(Collected data)
···
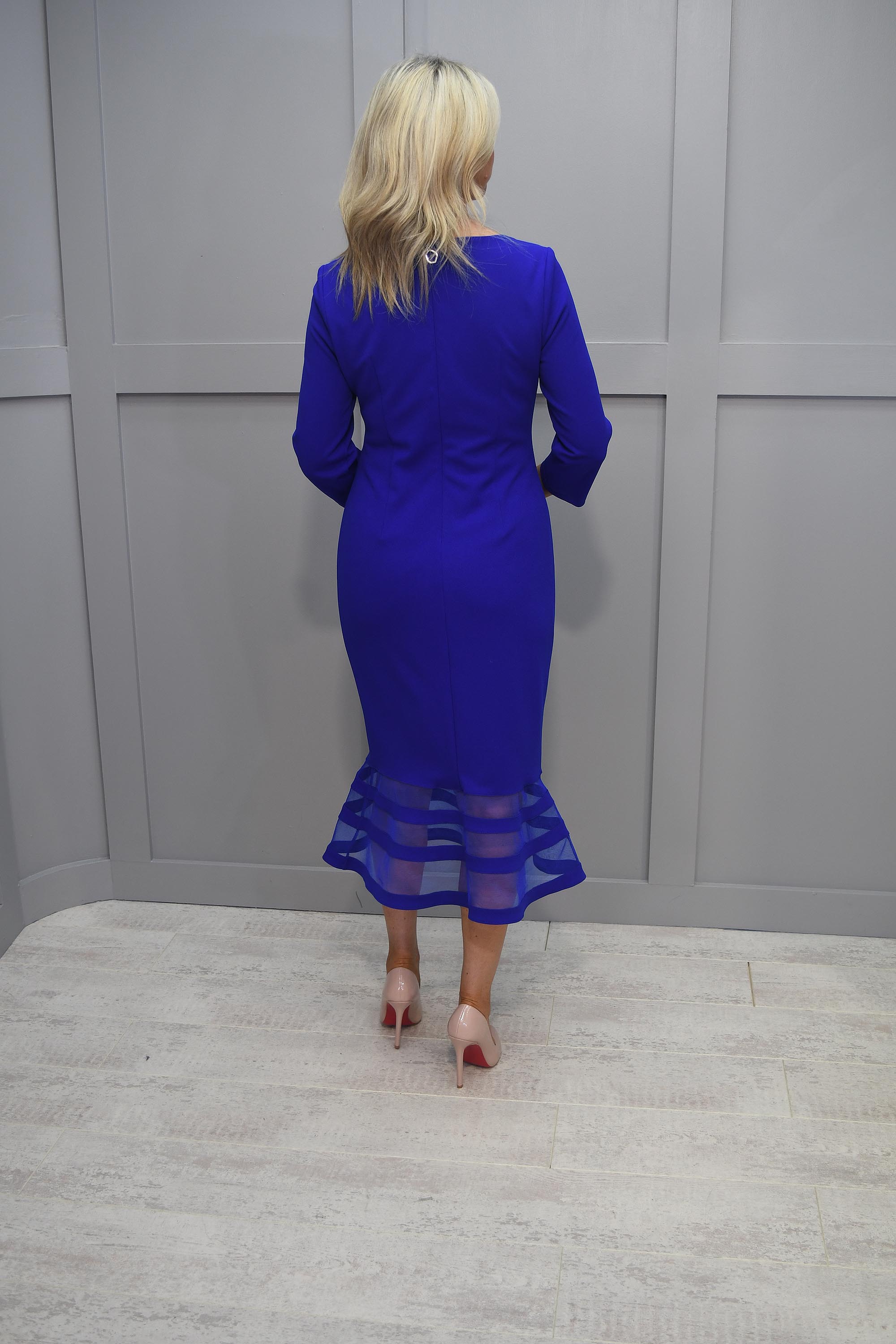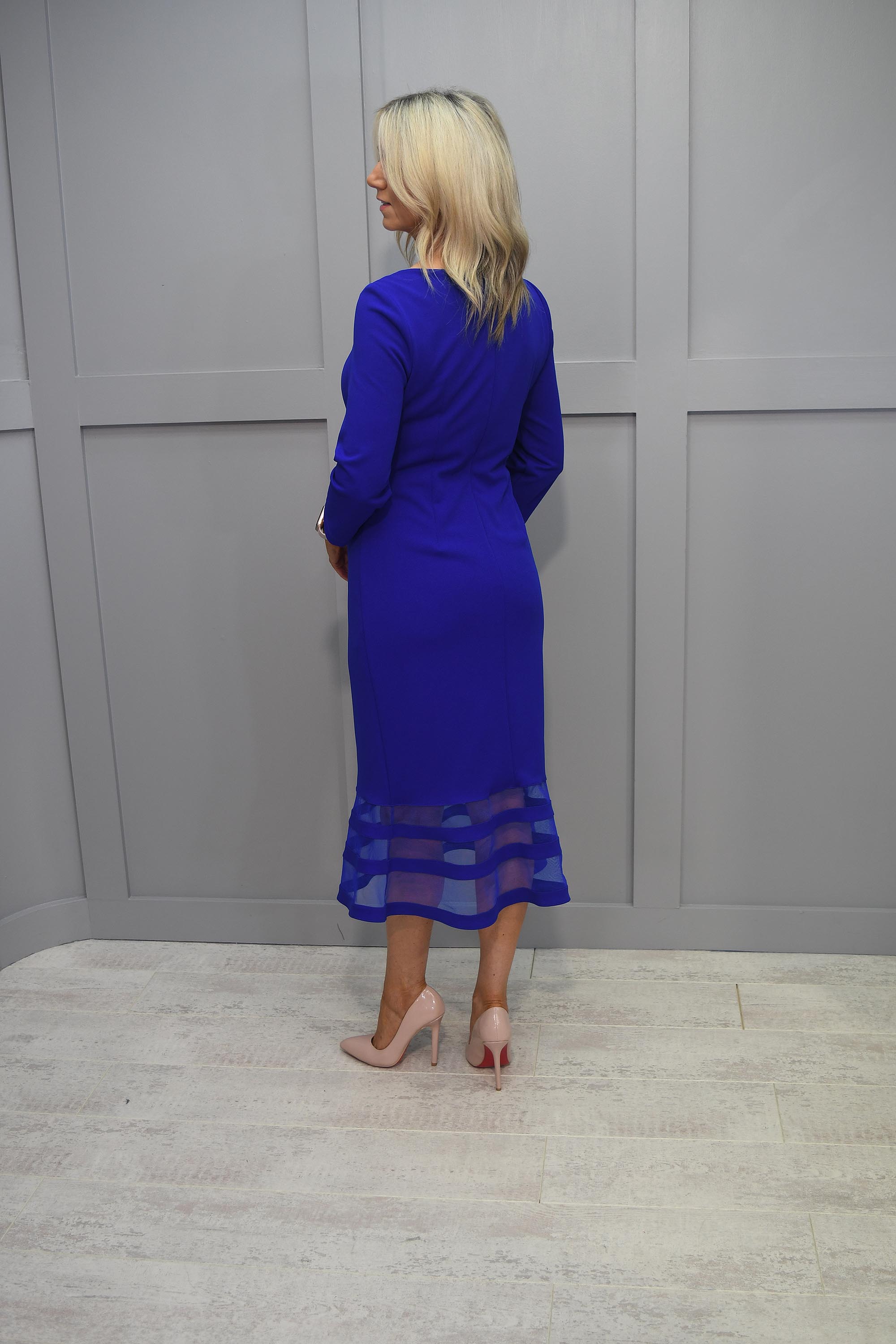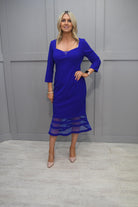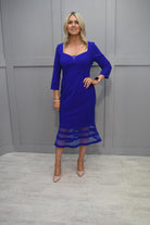 Joseph Ribkoff Royal Blue Fishtail Dress With Sweetheart Neckline & Mesh Detail-233706 2922
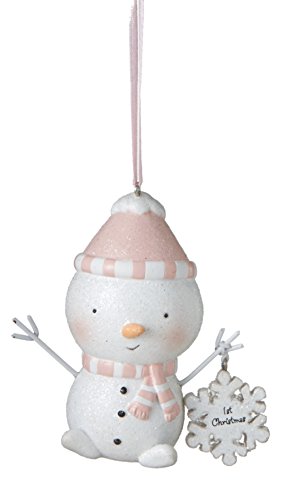 Pink Baby Girl First Christmas Baby Snowman Resin Christmas Ornament - Size 3.5 in.
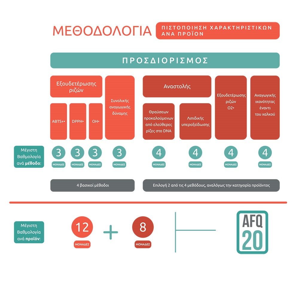 Το Εξαιρετικό Παρθένο Ελαιόλαδο MOLON LAVE, απέσπασε ιδιαίτερα υψηλή βαθμολογία σε κάθε μέθοδο που αξιολογήθηκε. Ειδικότερα, το εξεταζόμενο δείγμα επέδειξε τη μέγιστη βιοδραστικότητα σε όλα τα βιοχημικά πρωτόκολλα που υποβλήθηκε, αποσπώντας βαθμολογία 20/20.Το Εξαιρετικό Παρθένο Ελαιόλαδο MOLON LAVE προσεγγίζει υψηλότατα επίπεδα βιοδραστικότητας, σε μεγέθη που ξεπερνούν την αντιοξειδωτική ικανότητα τροφίμων χαρακτηρισμένων με την υψηλότερη αντιοξειδωτική ικανότητα παγκοσμίως όπως το ρόδι και η αρώνια. Στο διάγραμμα που ακολουθεί αποτυπώνεται η μεθοδολογία βάση της οποίας διαμορφώνεται η βαθμολογία του προτύπου πιστοποίησης AFQ.
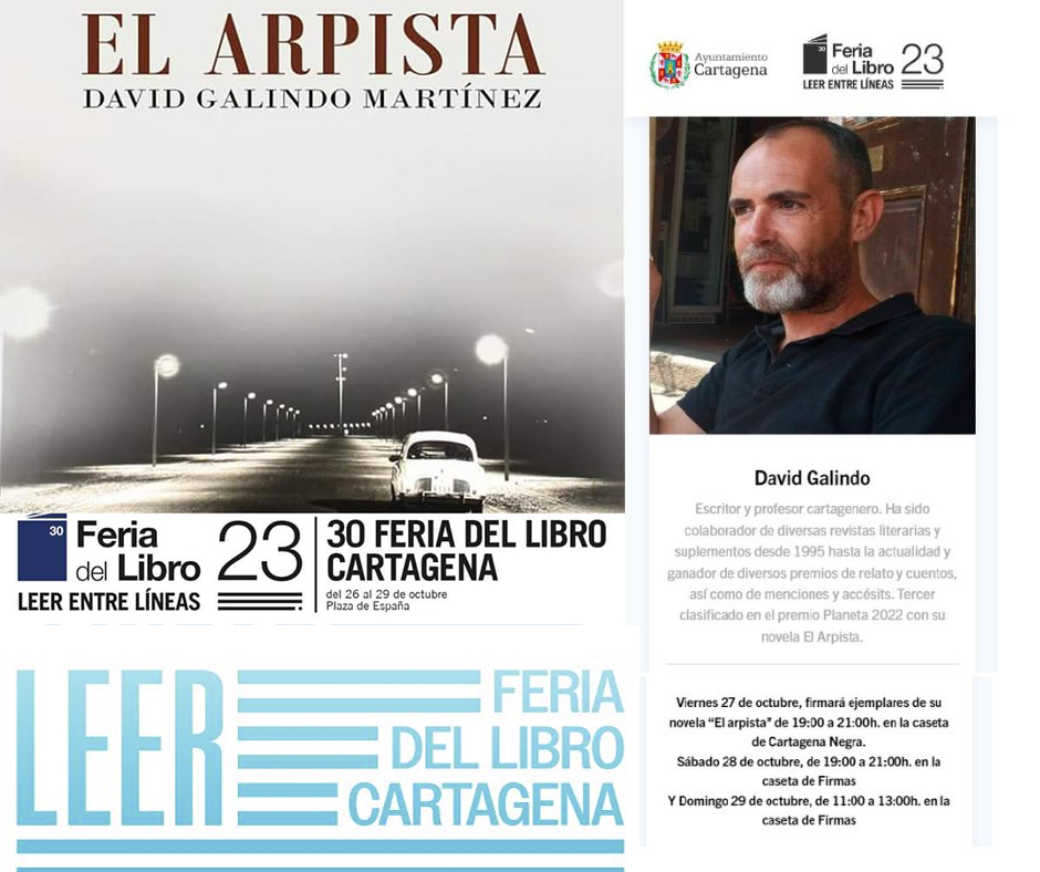 David Galindo, autor de El Arpista, publicada por Cosecha Negra Ediciones, estará firmando ejemplares en la nueva edición de la Feria del Libro de Cartagena, organizada por el Ayuntamiento de la ciudad y que se celebra del 26 al 29 de octubre con el lema Leer entre líneas.
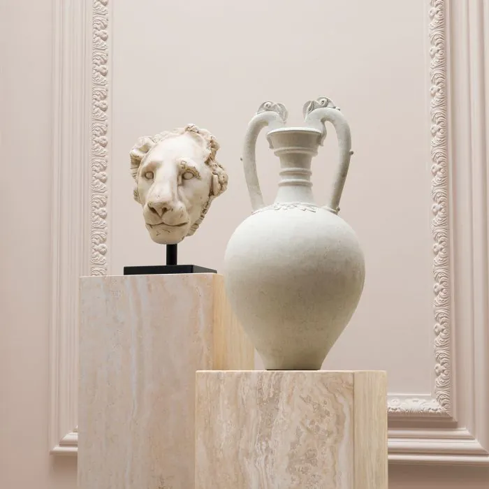 Этот дизайн вдохновлён китайским винным сосудом VII века из Метрополитен-музея. Форма музейного сосуда перекликается с формой греко-римских амфор, а ручки с головами животных заимствованы из персидских и центральноазиатских традиций, но оригинальное произведение искусства уходит корнями в китайское искусство, воплощая космополитический дух династии Тан (618–907). Это слияние стилей здесь переосмыслено в спокойствии, подобном камню.
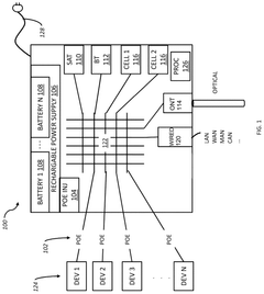 Due to the higher power levels in PoE++ systems, advanced thermal management techniques are implemented to ensure reliable operation. These include improved heat dissipation designs in both power sourcing equipment and powered devices, temperature monitoring systems, and automatic power adjustment based on thermal conditions. Energy efficiency is enhanced through intelligent power scheduling, sleep modes for connected devices, and reduced power consumption during periods of low activity, contributing to overall reduced operational costs and environmental impact.Expand Specific Solutions05 Application-specific implementations and use cases
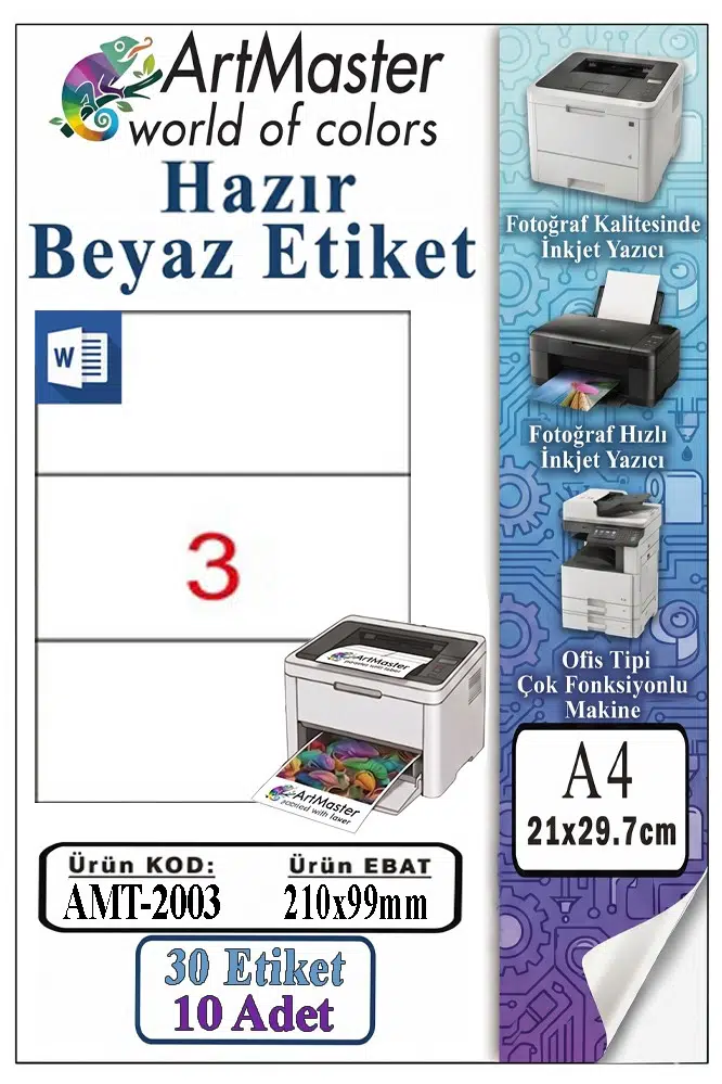 Ürün Adı: ArtMaster A4 Hazır Beyaz Etiket 210x99 mm 10 Sayfa 1 Paket 3 lü Kendinden Yapışkanlı Fotokopi Lazer İnkjet Kağıdı Yazıcılar İçin
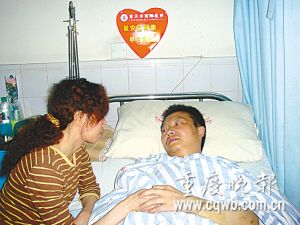 地震被埋的北川中學(xué)教師楊漢德,病床上一直自責(zé)沒能參與搶救自己的學(xué)生。“到醫(yī)院兩天了,他一直不愿說話!弊蛳挛,西郊醫(yī)院外二科病房,院長陳和平為傷員楊漢德遞上了慰問金,守候在病床前的妻子張鈺,看著表情木然的楊漢德,也不禁黯然神傷。
···
Restate all entries exactly; pictures stay out.

TASK RESULT
 Joseph Ribkoff Royal Blue Fishtail Dress With Sweetheart Neckline & Mesh Detail-233706 2922
 Pink Baby Girl First Christmas Baby Snowman Resin Christmas Ornament - Size 3.5 in.
 Το Εξαιρετικό Παρθένο Ελαιόλαδο MOLON LAVE, απέσπασε ιδιαίτερα υψηλή βαθμολογία σε κάθε μέθοδο που αξιολογήθηκε. Ειδικότερα, το εξεταζόμενο δείγμα επέδειξε τη μέγιστη βιοδραστικότητα σε όλα τα βιοχημικά πρωτόκολλα που υποβλήθηκε, αποσπώντας βαθμολογία 20/20.Το Εξαιρετικό Παρθένο Ελαιόλαδο MOLON LAVE προσεγγίζει υψηλότατα επίπεδα βιοδραστικότητας, σε μεγέθη που ξεπερνούν την αντιοξειδωτική ικανότητα τροφίμων χαρακτηρισμένων με την υψηλότερη αντιοξειδωτική ικανότητα παγκοσμίως όπως το ρόδι και η αρώνια. Στο διάγραμμα που ακολουθεί αποτυπώνεται η μεθοδολογία βάση της οποίας διαμορφώνεται η βαθμολογία του προτύπου πιστοποίησης AFQ.
 David Galindo, autor de El Arpista, publicada por Cosecha Negra Ediciones, estará firmando ejemplares en la nueva edición de la Feria del Libro de Cartagena, organizada por el Ayuntamiento de la ciudad y que se celebra del 26 al 29 de octubre con el lema Leer entre líneas.
 Этот дизайн вдохновлён китайским винным сосудом VII века из Метрополитен-музея. Форма музейного сосуда перекликается с формой греко-римских амфор, а ручки с головами животных заимствованы из персидских и центральноазиатских традиций, но оригинальное произведение искусства уходит корнями в китайское искусство, воплощая космополитический дух династии Тан (618–907). Это слияние стилей здесь переосмыслено в спокойствии, подобном камню.
 Due to the higher power levels in PoE++ systems, advanced thermal management techniques are implemented to ensure reliable operation. These include improved heat dissipation designs in both power sourcing equipment and powered devices, temperature monitoring systems, and automatic power adjustment based on thermal conditions. Energy efficiency is enhanced through intelligent power scheduling, sleep modes for connected devices, and reduced power consumption during periods of low activity, contributing to overall reduced operational costs and environmental impact.Expand Specific Solutions05 Application-specific implementations and use cases
 Ürün Adı: ArtMaster A4 Hazır Beyaz Etiket 210x99 mm 10 Sayfa 1 Paket 3 lü Kendinden Yapışkanlı Fotokopi Lazer İnkjet Kağıdı Yazıcılar İçin
 地震被埋的北川中學(xué)教師楊漢德,病床上一直自責(zé)沒能參與搶救自己的學(xué)生。“到醫(yī)院兩天了,他一直不愿說話!弊蛳挛,西郊醫(yī)院外二科病房,院長陳和平為傷員楊漢德遞上了慰問金,守候在病床前的妻子張鈺,看著表情木然的楊漢德,也不禁黯然神傷。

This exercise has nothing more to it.